# Directions for this task
Your copy should match the listing below word for word, with no images in it.

# Data section

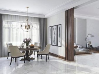- لا يمكن لغرفة المعيشة الكلاسيكية التقليدية الاستغناء عن البلاط الرخامي في مربعات منفصلة. تساعد الخطوط الواضحة والظلال الهادئة من الأسود والبني والأبيض على الهدوء والتركيز والاسترخاء المريح. يسمح لك حجم الغرفة “بالتنفس بحرية” في مثل هذه الغرفة الأنيقة والمقتضبة.
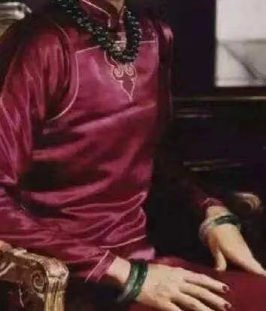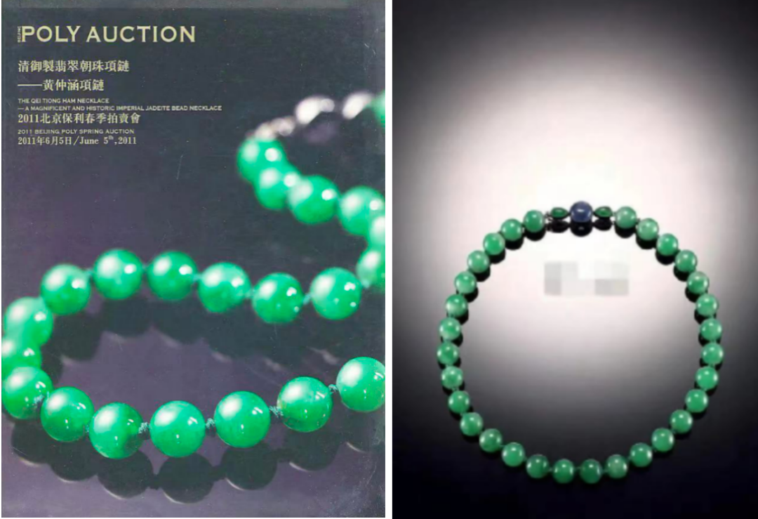再看一张照片,这条翡翠珠链来自于逊帝溥仪手中的一串翡翠朝珠,20世纪初,“翡翠大王”铁宝亭将这串朝珠改制成两串翡翠珠链,出售给了“印尼糖王”黄仲涵。
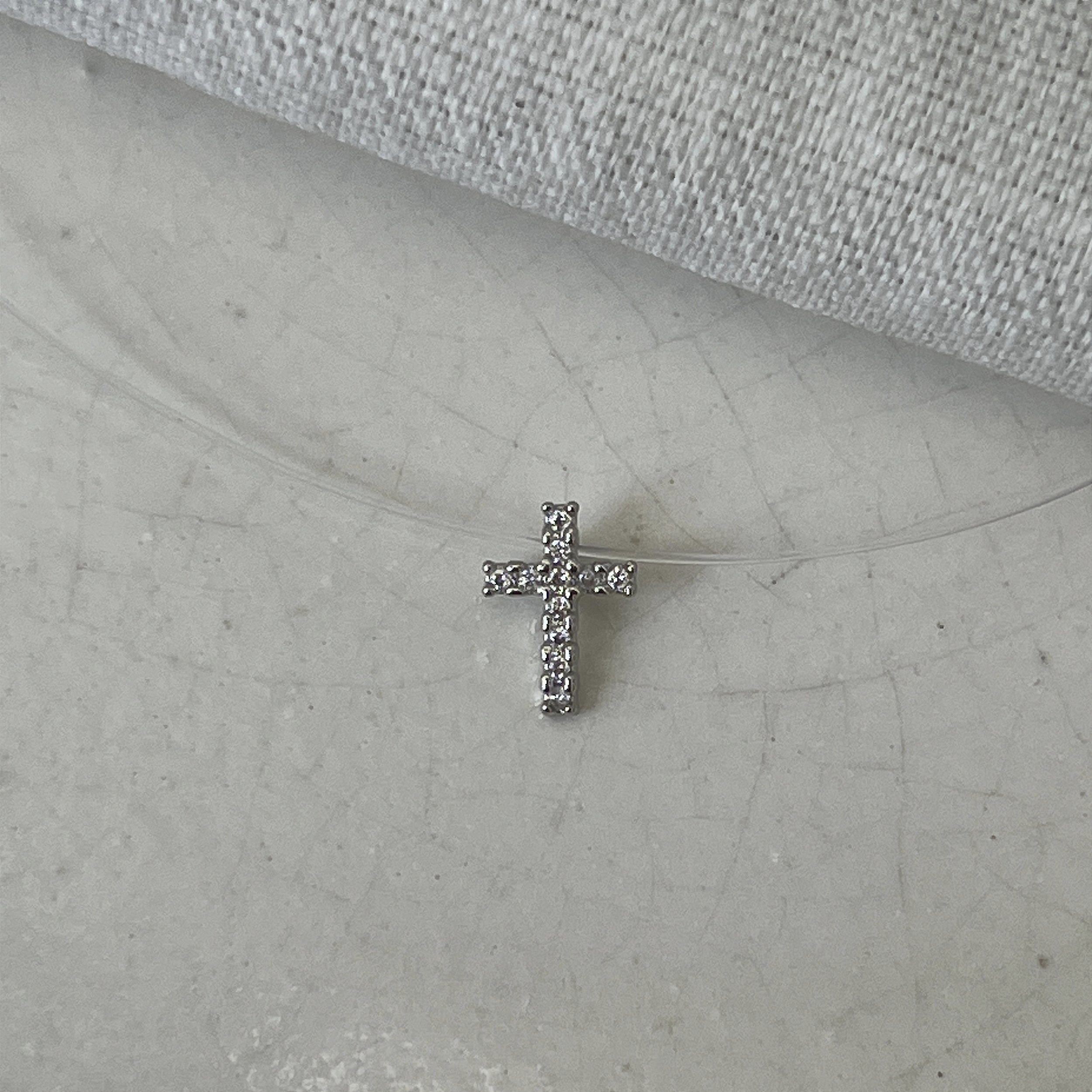 Colar choker em fio de nylon com um mini pigente de Cruz cravejada de Zircônia - Ródio - semijoia

# Solution
- لا يمكن لغرفة المعيشة الكلاسيكية التقليدية الاستغناء عن البلاط الرخامي في مربعات منفصلة. تساعد الخطوط الواضحة والظلال الهادئة من الأسود والبني والأبيض على الهدوء والتركيز والاسترخاء المريح. يسمح لك حجم الغرفة “بالتنفس بحرية” في مثل هذه الغرفة الأنيقة والمقتضبة.
再看一张照片,这条翡翠珠链来自于逊帝溥仪手中的一串翡翠朝珠,20世纪初,“翡翠大王”铁宝亭将这串朝珠改制成两串翡翠珠链,出售给了“印尼糖王”黄仲涵。
 Colar choker em fio de nylon com um mini pigente de Cruz cravejada de Zircônia - Ródio - semijoia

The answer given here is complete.